Маг пожимает плечами. Он не играл в игру со странным названием «Джинн-бежим!»; он вообще почти не играл в игры детей, с младенчества приобщаясь к тайнам хирбедов — но если поэт настаивает…

Руки Гургина хватают поэта за плечи и вертят, вертят, пока Абу-т-Тайиба не начинает качать и без чужой помощи.

— Теперь спрашивай: где Басра?

— Где Басра? — послушно спрашивает маг.

Минута задержки — и рука поэта указывает на северо-восток.

— Там. Крути еще!.. еще! Спрашивай: где Нумания?

— Где Нумания?

— Там… е рабб, там! Крути… крути! Спрашивай: где Кабир? Спрашивай, чтоб тебя ифриты разодрали! Ну?!

— Где… где Кабир?

Поэт останавливается. Он стоит прямо, врастая в землю вековой чинарой, от головокружения нет и следа; рука Абу-т-Тайиба медленно поднимается и указывает вдаль.

Рывок — и повязка сорвана.

— Мой шах, — бормочет старый хирбед, бледнея лицом. — Мой… шах…

— Ударь меня!
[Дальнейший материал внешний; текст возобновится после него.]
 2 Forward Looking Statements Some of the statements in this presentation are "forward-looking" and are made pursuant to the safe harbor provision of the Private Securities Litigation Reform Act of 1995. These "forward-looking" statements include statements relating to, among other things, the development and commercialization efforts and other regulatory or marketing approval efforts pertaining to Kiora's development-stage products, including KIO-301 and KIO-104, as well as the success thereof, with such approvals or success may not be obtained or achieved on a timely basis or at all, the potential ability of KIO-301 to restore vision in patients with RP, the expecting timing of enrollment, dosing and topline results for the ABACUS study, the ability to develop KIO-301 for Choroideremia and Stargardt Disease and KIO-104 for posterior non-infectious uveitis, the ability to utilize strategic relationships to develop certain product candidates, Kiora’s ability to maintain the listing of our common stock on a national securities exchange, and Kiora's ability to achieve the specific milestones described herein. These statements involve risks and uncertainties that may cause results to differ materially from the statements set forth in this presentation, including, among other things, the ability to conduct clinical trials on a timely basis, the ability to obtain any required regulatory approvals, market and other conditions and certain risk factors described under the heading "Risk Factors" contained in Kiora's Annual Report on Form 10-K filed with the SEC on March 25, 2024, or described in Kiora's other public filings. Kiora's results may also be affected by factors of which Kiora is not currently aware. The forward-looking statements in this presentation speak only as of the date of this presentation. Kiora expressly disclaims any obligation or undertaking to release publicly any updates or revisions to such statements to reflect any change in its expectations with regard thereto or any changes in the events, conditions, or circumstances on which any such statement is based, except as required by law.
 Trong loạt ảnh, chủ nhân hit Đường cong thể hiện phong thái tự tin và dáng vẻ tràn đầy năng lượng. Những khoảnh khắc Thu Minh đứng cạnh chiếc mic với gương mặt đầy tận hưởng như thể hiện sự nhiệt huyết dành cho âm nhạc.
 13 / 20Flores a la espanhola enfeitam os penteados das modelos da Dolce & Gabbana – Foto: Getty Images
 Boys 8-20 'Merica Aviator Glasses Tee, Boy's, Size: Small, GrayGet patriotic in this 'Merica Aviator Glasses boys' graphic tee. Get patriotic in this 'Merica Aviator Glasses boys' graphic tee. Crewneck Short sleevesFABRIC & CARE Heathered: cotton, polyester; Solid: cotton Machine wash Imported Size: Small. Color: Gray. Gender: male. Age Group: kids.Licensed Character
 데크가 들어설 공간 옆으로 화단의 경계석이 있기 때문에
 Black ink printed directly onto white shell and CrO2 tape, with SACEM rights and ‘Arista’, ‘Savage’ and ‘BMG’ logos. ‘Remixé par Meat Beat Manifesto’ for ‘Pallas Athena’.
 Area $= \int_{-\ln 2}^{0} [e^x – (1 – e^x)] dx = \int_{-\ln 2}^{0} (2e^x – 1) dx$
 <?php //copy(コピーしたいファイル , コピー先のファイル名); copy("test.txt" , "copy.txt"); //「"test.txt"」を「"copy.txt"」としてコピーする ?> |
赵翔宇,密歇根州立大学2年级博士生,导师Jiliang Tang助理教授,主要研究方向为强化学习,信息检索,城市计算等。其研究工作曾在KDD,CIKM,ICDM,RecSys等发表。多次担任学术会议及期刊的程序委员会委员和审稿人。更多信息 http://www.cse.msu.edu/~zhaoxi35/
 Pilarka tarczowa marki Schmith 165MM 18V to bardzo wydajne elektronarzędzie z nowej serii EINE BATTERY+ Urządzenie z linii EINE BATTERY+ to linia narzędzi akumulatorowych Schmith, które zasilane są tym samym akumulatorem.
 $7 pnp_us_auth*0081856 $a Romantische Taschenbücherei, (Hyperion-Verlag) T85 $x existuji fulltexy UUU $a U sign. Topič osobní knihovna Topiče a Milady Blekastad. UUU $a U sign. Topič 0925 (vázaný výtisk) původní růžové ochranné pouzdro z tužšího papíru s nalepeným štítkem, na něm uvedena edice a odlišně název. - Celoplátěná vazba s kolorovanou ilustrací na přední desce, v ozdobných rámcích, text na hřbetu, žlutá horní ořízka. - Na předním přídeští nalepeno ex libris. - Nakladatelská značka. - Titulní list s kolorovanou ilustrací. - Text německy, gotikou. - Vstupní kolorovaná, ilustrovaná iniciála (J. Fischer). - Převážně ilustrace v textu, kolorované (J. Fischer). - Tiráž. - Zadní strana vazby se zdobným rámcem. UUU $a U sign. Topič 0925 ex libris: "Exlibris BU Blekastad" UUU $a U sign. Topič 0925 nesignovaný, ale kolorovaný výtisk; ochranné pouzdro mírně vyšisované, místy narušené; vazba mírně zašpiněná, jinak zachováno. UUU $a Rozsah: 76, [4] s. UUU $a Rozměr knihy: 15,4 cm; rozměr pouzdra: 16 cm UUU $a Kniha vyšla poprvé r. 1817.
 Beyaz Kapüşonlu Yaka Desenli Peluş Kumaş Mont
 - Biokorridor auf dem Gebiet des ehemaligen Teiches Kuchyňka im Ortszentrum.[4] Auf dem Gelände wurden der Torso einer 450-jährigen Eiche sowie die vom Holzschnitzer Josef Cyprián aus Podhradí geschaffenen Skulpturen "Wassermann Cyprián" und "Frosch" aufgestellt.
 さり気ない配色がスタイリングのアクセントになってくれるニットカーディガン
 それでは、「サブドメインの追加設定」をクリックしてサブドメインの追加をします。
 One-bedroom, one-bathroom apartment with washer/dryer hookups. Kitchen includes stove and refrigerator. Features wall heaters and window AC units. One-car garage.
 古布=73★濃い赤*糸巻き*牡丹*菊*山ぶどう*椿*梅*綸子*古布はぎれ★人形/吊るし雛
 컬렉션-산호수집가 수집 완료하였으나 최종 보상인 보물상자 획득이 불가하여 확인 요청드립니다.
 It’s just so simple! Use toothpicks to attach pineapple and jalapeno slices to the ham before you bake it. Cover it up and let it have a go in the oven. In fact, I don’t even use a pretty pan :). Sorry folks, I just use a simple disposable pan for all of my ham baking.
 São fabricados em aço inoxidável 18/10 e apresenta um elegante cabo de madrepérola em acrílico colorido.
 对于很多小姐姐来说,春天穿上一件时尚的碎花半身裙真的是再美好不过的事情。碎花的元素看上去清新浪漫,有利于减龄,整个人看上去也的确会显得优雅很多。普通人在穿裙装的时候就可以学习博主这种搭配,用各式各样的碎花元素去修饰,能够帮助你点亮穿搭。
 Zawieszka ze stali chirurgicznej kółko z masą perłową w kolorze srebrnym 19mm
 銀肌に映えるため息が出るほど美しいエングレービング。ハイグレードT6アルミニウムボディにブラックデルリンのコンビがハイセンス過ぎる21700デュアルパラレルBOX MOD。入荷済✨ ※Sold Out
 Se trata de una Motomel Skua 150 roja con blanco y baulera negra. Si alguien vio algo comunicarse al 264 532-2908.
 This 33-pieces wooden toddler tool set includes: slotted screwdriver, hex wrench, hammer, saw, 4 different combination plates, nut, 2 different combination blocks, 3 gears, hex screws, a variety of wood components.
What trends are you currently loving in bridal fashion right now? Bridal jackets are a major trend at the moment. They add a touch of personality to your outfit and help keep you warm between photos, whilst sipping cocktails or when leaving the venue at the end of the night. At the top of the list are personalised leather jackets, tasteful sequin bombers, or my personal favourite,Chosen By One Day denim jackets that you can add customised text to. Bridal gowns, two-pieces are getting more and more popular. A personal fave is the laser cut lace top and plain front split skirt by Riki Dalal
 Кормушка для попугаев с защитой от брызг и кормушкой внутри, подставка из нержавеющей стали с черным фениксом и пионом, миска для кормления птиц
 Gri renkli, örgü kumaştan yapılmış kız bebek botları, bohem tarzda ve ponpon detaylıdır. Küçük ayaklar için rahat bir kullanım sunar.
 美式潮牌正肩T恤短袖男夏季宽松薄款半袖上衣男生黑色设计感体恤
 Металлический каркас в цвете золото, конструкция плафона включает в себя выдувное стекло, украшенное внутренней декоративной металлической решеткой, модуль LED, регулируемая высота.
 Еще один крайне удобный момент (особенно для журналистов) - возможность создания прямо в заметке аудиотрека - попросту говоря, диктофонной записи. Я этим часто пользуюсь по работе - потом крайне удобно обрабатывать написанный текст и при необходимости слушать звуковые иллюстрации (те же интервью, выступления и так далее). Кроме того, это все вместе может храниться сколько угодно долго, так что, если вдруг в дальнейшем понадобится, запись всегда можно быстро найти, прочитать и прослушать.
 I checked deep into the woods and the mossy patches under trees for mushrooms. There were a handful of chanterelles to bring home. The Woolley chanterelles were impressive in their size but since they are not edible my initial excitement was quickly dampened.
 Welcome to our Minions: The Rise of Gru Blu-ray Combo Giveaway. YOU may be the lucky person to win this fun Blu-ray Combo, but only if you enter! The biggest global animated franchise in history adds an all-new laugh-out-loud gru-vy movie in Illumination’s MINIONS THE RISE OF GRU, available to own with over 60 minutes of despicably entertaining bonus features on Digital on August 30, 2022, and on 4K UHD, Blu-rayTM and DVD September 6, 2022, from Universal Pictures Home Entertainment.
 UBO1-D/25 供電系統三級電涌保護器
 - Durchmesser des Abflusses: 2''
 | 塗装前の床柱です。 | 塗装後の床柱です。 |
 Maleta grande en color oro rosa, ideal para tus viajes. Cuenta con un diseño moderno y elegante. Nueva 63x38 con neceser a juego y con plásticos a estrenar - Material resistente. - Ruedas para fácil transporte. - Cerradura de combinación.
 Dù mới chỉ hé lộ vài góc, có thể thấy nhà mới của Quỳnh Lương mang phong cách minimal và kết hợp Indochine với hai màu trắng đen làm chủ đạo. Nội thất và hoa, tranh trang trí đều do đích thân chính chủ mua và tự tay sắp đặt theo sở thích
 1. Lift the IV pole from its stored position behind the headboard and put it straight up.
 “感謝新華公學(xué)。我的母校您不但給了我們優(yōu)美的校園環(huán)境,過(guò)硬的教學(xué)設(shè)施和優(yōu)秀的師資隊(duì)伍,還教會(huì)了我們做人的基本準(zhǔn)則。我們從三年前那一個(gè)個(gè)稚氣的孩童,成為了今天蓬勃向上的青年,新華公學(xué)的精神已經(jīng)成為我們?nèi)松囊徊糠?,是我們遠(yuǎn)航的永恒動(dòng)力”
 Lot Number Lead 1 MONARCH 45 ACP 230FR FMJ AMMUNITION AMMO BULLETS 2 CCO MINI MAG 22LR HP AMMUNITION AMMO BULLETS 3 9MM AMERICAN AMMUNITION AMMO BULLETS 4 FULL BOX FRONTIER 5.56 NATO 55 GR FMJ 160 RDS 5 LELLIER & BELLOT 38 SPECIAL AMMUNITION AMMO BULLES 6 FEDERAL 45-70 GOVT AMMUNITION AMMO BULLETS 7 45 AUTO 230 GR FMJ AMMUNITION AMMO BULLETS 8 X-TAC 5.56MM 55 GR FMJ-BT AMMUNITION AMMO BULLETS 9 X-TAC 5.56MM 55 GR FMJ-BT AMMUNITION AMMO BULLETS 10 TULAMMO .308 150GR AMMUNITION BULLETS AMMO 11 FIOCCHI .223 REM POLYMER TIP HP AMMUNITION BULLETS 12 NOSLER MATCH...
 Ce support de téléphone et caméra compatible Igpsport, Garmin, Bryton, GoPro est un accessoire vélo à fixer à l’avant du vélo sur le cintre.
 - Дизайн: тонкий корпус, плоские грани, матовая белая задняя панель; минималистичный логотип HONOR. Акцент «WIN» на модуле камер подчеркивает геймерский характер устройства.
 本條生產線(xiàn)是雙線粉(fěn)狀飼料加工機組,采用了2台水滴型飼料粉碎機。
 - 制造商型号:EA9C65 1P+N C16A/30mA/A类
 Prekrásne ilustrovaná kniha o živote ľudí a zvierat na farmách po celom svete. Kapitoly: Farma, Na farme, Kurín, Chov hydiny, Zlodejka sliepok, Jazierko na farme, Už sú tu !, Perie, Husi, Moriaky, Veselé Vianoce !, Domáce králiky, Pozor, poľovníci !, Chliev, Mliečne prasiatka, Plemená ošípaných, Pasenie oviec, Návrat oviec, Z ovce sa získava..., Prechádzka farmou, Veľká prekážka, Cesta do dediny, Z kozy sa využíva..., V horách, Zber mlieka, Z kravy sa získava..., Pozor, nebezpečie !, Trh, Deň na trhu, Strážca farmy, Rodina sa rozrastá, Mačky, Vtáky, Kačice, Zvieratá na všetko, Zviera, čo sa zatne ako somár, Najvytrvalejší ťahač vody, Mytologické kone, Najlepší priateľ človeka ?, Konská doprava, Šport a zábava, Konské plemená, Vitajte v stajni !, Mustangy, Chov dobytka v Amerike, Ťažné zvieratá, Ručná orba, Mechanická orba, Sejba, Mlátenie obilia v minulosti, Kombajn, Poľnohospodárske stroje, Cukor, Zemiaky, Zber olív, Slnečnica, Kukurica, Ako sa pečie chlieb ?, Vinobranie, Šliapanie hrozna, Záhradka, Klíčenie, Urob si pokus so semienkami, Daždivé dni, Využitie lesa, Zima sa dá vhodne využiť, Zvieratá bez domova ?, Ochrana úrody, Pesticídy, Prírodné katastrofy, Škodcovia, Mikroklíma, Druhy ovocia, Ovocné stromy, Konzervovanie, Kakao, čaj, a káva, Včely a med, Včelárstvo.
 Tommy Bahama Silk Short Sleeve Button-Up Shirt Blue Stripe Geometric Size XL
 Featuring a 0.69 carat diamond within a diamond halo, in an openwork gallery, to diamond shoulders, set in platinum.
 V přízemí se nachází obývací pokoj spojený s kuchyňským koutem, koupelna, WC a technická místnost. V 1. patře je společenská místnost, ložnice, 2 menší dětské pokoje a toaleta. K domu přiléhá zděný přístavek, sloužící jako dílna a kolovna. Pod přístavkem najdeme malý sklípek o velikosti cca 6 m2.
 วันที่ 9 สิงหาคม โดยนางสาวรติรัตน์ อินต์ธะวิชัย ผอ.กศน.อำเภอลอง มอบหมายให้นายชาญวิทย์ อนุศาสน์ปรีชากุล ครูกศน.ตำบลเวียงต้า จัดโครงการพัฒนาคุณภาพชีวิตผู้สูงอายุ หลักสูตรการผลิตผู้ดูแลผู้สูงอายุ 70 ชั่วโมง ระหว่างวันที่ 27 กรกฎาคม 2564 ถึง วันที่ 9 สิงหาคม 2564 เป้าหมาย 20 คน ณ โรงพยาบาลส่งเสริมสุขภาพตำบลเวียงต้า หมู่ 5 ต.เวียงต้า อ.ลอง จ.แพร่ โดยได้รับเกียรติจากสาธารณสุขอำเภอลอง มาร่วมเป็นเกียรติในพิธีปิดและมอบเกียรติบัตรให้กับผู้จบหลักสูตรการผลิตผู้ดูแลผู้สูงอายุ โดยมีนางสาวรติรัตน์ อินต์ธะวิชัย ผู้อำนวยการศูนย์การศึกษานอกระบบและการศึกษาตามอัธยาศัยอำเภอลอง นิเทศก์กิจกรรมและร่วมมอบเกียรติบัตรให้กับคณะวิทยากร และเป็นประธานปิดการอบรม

Ты слышишь: ударь меня! Живо!

В ответ ладонь мага входит в чувствительное соприкосновение со щекой поэта. Ноги подламываются в коленях, Абу-т-Тайиб с размаху садится, ударяясь оземь сиденьем, дарованным Аллахом всякому человеку, и смеется смехом ребенка.

— Ф-фух… А я уже испугался: шах, мой шах! Ну и рученька у тебя, Гургин-богатырь, такой не Ал-Ребаты открывать, а слонов опрокидывать…

Маг молчит.

Испуг мало-помалу выходит из старика ознобом и холодным потом.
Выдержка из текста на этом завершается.